During her research, Lanesman discovered something else that makes AJSL different from all other sign languages. “Probably the most unique aspect of AJSL now is that, ironically, it’s passed down from one generation to the next almost exclusively by hearing people,” says Lanesman.

While deaf members of the displaced Ghardaia community quickly learned the dominant sign language of their new home, such as ISL, their hearing relatives never learned another sign language. As a result, many hearing members use AJSL to communicate with deaf people within the community, including their children and grandchildren, helping to preserve the language.

Passing down AJSL in this way echoes how the language survived over centuries in Ghardaia’s walled Jewish quarter, where the isolated population was culturally cut off from the Muslim majority surrounding them. The men sometimes left the mellah to do business, but most women lived their lives entirely inside the walls, according to historical reports by archaeologists Lloyd Briggs and Norma Guède, who visited in the 1950s.

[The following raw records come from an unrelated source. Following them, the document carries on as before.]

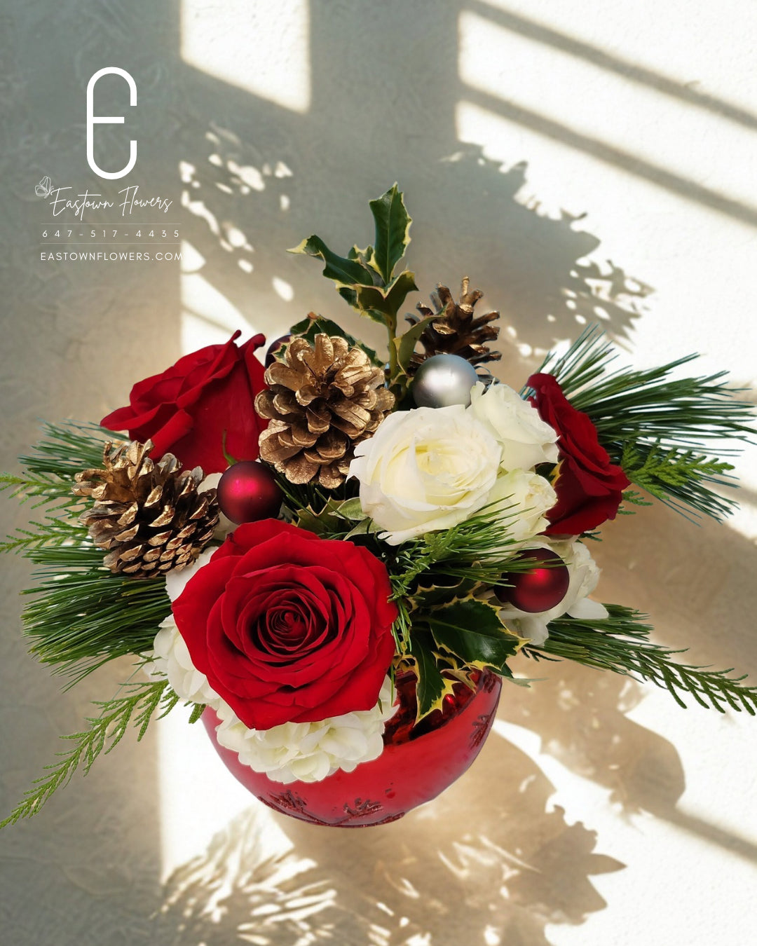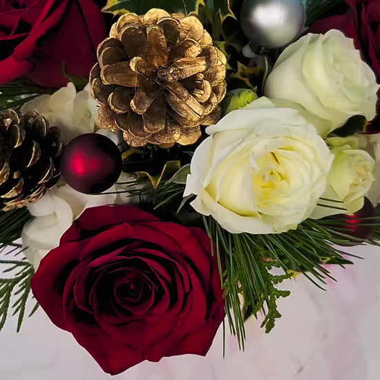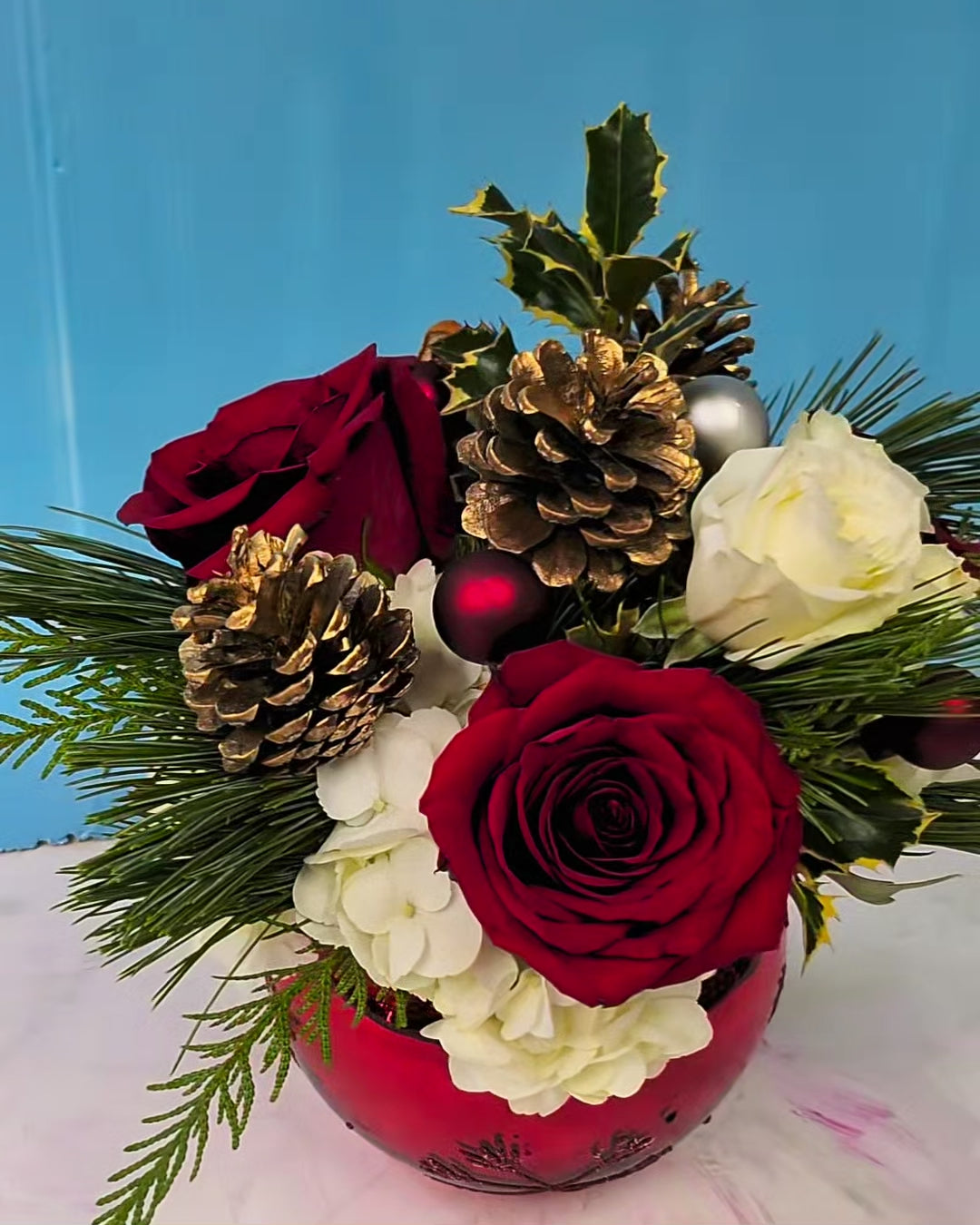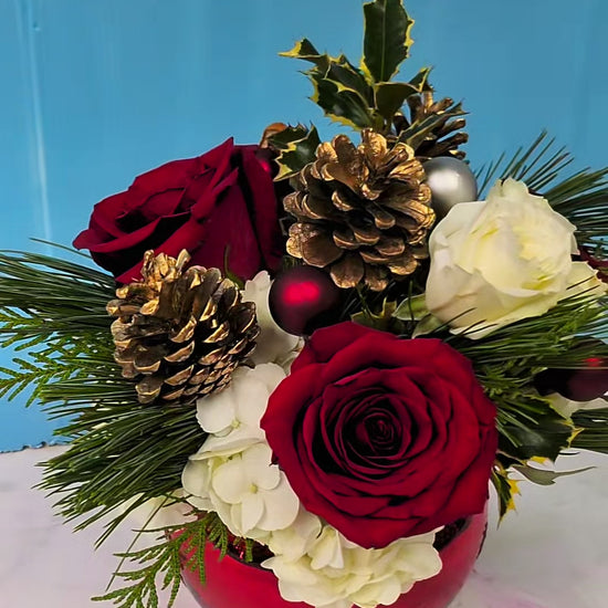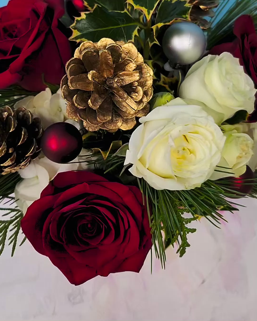 This is our 'Jingle Bells' vase. It’s a beautiful, full arrangement that mixes festive reds with soft, sweet pinks for a warm and romantic holiday.
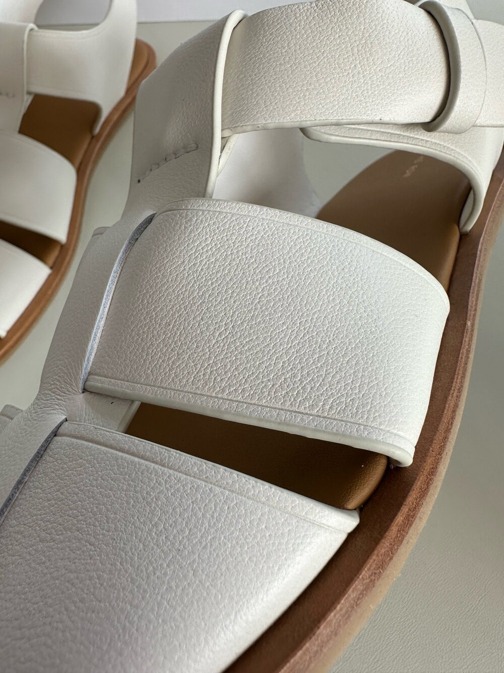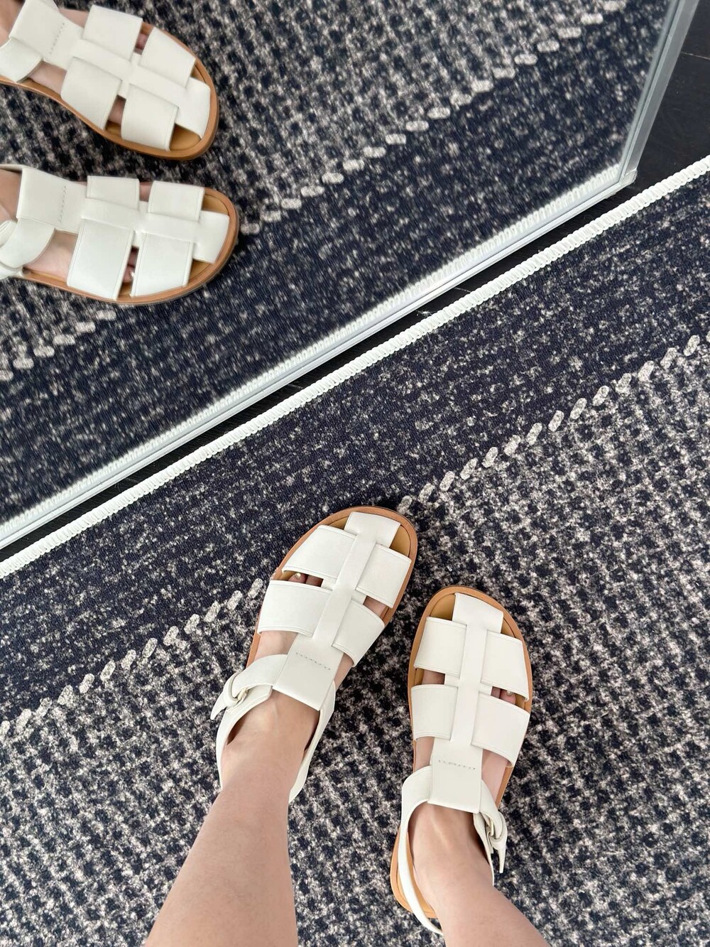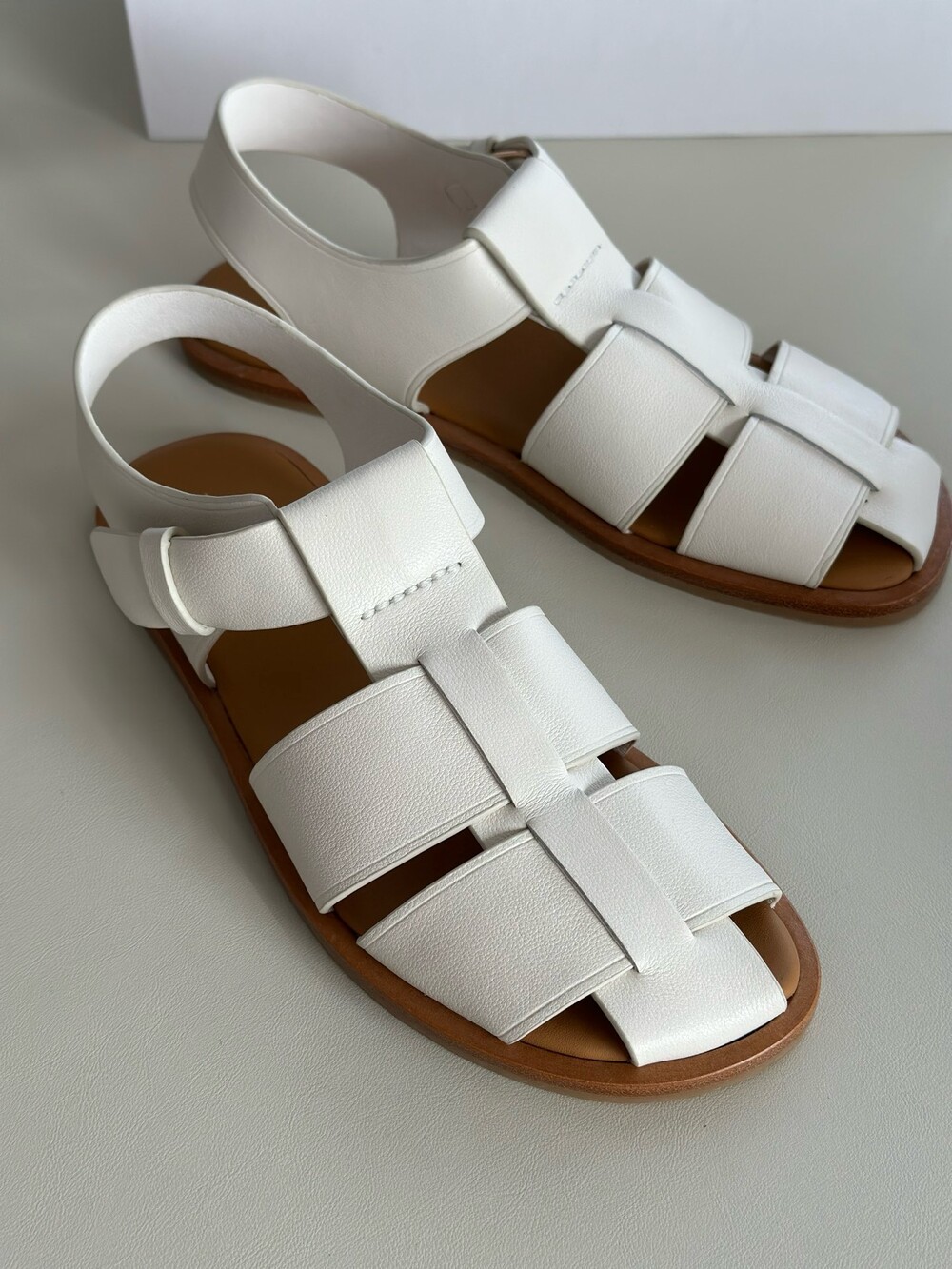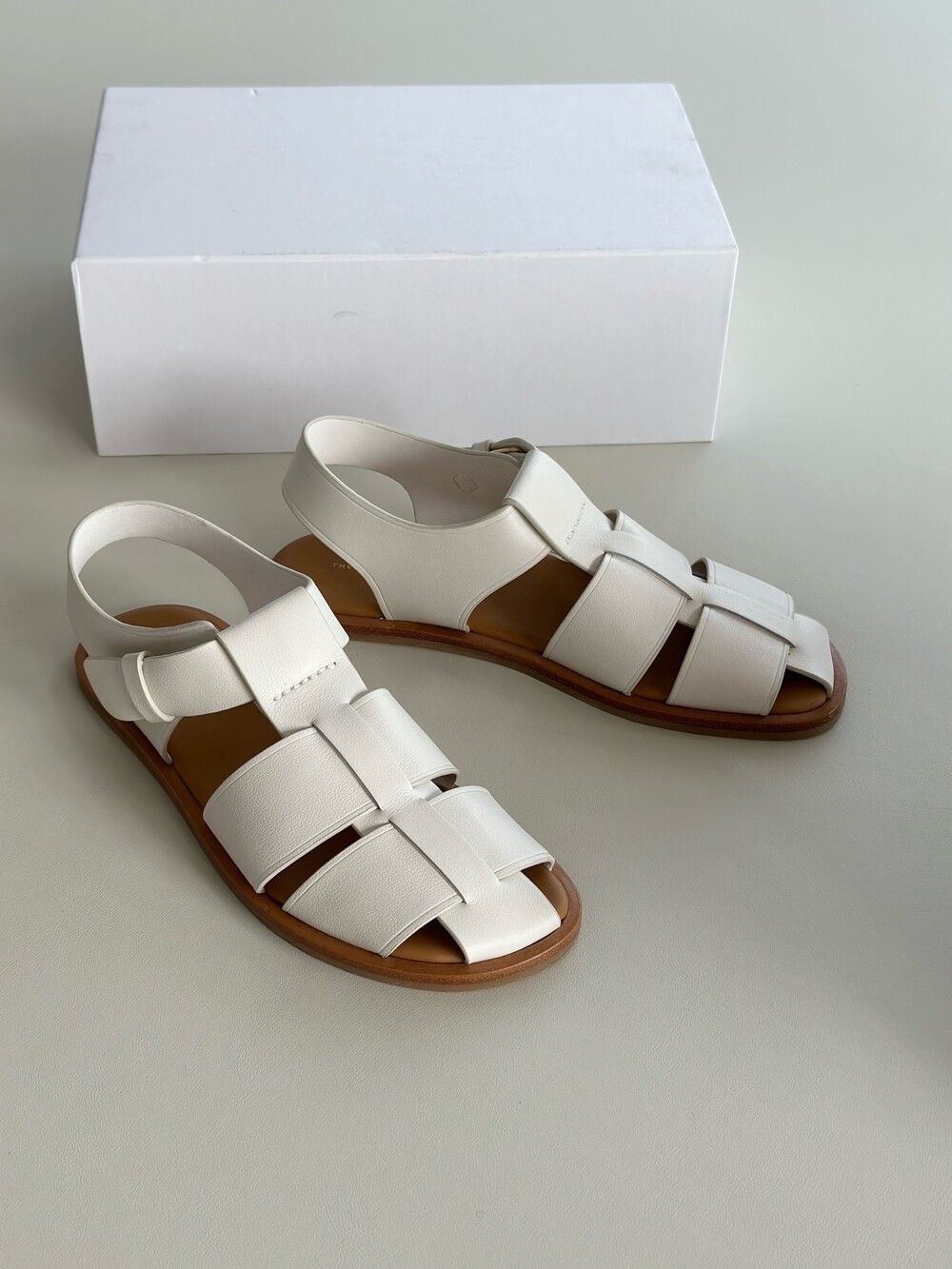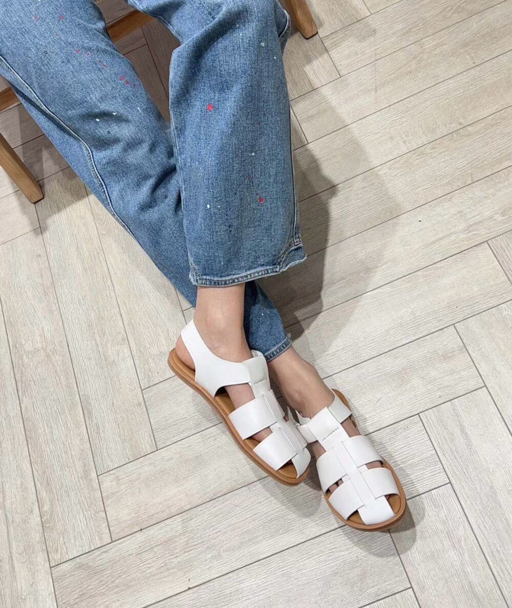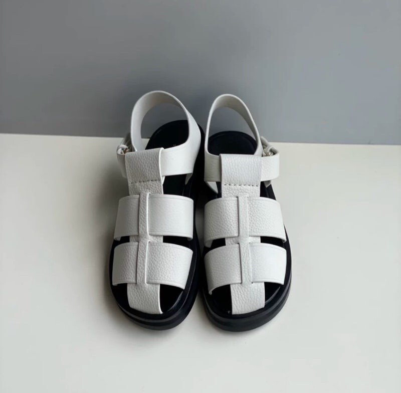 그레인 카프스킨 가죽 소재의 피셔맨 스타일 샌들. 심리스 스트랩 디자인 및
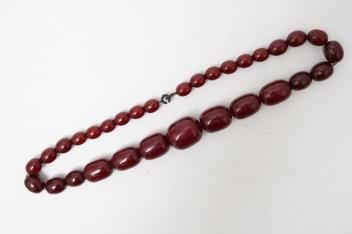 A cherry bakelite 'amber' necklace, composed of graduated oval and cylindrical beads measuring approximately 14-28mm, total length approximately 61cm, gross weight approximately 118 grams
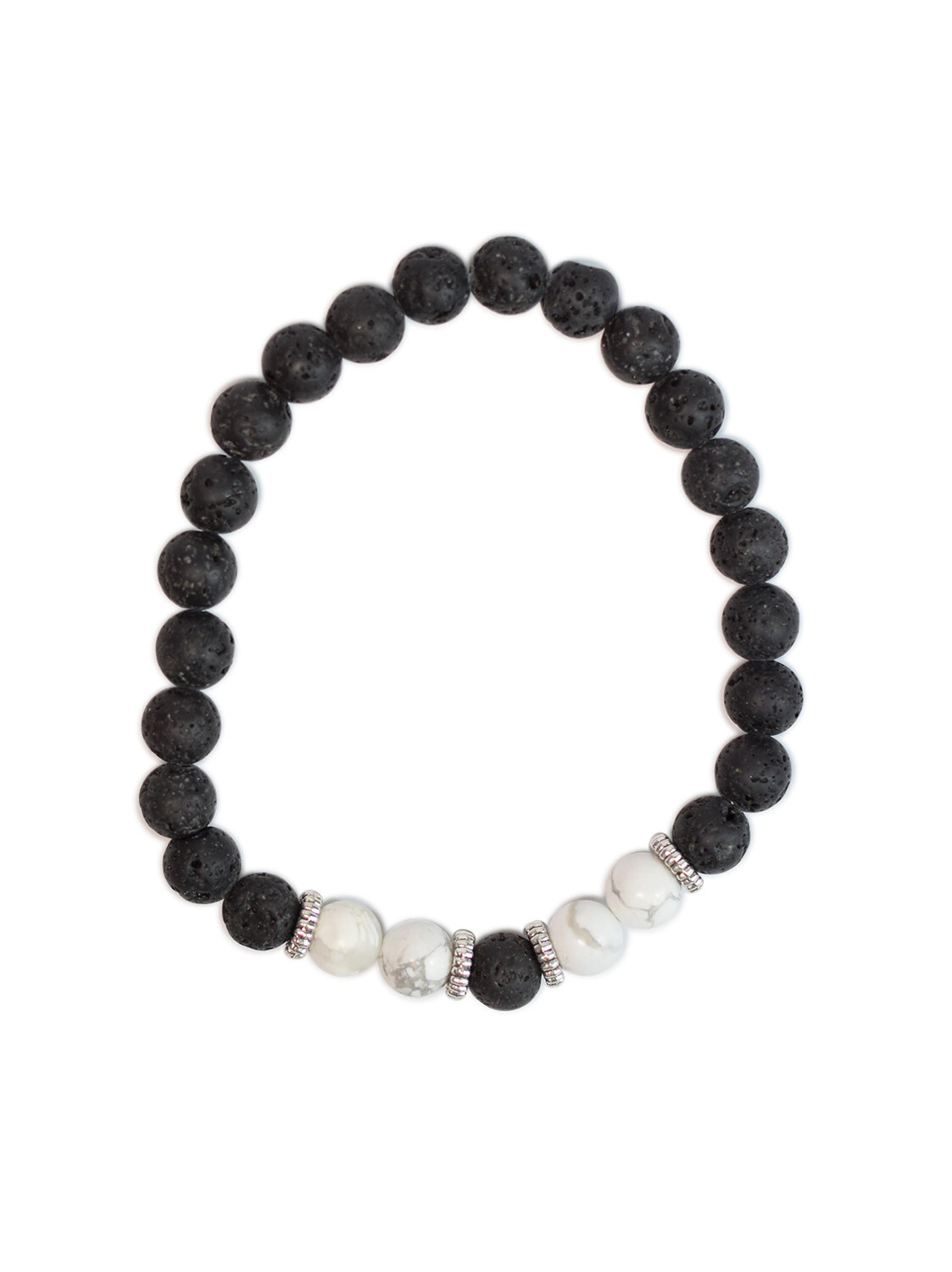 Bracelet perles rondes Magnésite et Pierre de lave

“Traditionally, these small village sign languages are spoken by a majority of the hearing population because they occur in very specific places: in insular communities where there’s a genetic predisposition for deafness, and in places where there’s little opportunity for the community’s deaf people to come in contact with signers of the dominant sign language of their area,” says Cormier.

While Ghardaia’s community was forced to disperse, the language lives on, which is unusual for any language that evolved in an isolated community. “Perhaps the most remarkable thing about AJSL is that it has survived centuries, resisting outside influences and a mass migration of its speakers,” Cormier says.

The language of the lost Ghardaia mellah is hanging on, but it’s also fading. “Each year, fewer and fewer AJSL signers that I interviewed are around,” says Lanesman. “It’s dying, but slowly.” To preserve the language, Lanesman plans to conduct interviews in France—because of the country’s colonial history with Algeria, she suspects there may be many more AJSL signers there.

“This community’s linguistic legacy lives on, proof that we existed and thrived in Algeria for hundreds of years,” Lanesman says. “It’s worth documenting, even if it won’t be saved.”